J’ai peur que mon ami ait un problème d’achat compulsif. Ce n’est pas une blague et je l’ai regardé attentivement avant de commencer à m’inquiéter. Il y a d’abord eu les vêtements : de nombreuses étiquettes sortaient des armoires de plus en plus pleines. Puis elle a commencé à m’inviter à me donner des choses « achetées trop vite » et dont elle n’était plus « convaincue », des vêtements que l’on passait aux accessoires, aux cosmétiques, en passant par ces livres glacés pleins de photos, jusqu’aux coffrets expérientiels.

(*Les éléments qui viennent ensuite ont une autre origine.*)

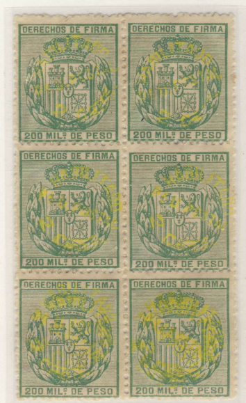
Double Surcharge Bottom Horizontal Pair

Il est toujours sur les réseaux sociaux et les bombardements d’achats ne manquent pas. Lorsqu’elle a essayé de me donner un iPad la semaine dernière, je l’ai rejeté et j’ai essayé de lui parler. Je l’ai abordé avec délicatesse mais il fallait aller à l’essentiel : « Je pense que tu as un problème, il faut en parler à quelqu’un. » Ouvrez le paradis. Depuis, il ne m’a plus parlé et lorsque nous nous rencontrons à l’université, il change de direction. Je suis inquiète et désolée, à mon avis, depuis qu’ils se sont séparés il y a quelques mois, ses parents lui donnent trop d’argent parce que chacun essaie de la consoler ou de la convaincre. Et voici le résultat. J’aimerais pouvoir t’aider mais tu ne sembles pas vouloir me donner cette chance et je ne suis pas sûr de ce que je pourrais faire de toute façon ? Des suggestions ?
Béa
Chère Bea, je sais, c’est difficile de réveiller quelqu’un qui fait semblant de dormir. Parce que je pense que son amie se rend compte qu’elle a un problème, c’est pourquoi elle est devenue évitante lorsqu’elle a essayé d’aborder le sujet. Cela dit, elle devrait peut-être essayer de parler au parent de son amie qu’elle, Bea, connaît mieux. Accumuler des choses est un geste compensatoire et je crains que cela soit davantage dû à la séparation des parents qu’au fait de recevoir « trop d’argent » de leur part. Maman et Papa se consolent en donnant, son amie se console en accumulant, cela me paraît clair. Je ne sais pas comment il a réagi « officiellement » au divorce de ses parents mais c’est certainement la réaction « officieuse ». Son amie m’inspire une tendresse qu’elle n’imagine même pas et je suis vraiment désolé qu’elle se sente si seule et « vide » qu’elle ressent le besoin de remplir l’abîme de gadgets et de vêtements. Insistez sur Béa, ne serait-ce que pour être proche d’elle. Même au prix de ne plus jamais aborder le sujet.
Confiez votre préoccupation fondée à la mère ou au père de votre amie et soyez simplement là pour elle. Jusqu’à ce qu’elle soit convaincue que le divorce l’a privée d’un foyer commun mais pas de deux parents. Et il arrêtera de se « bourrer » de choses.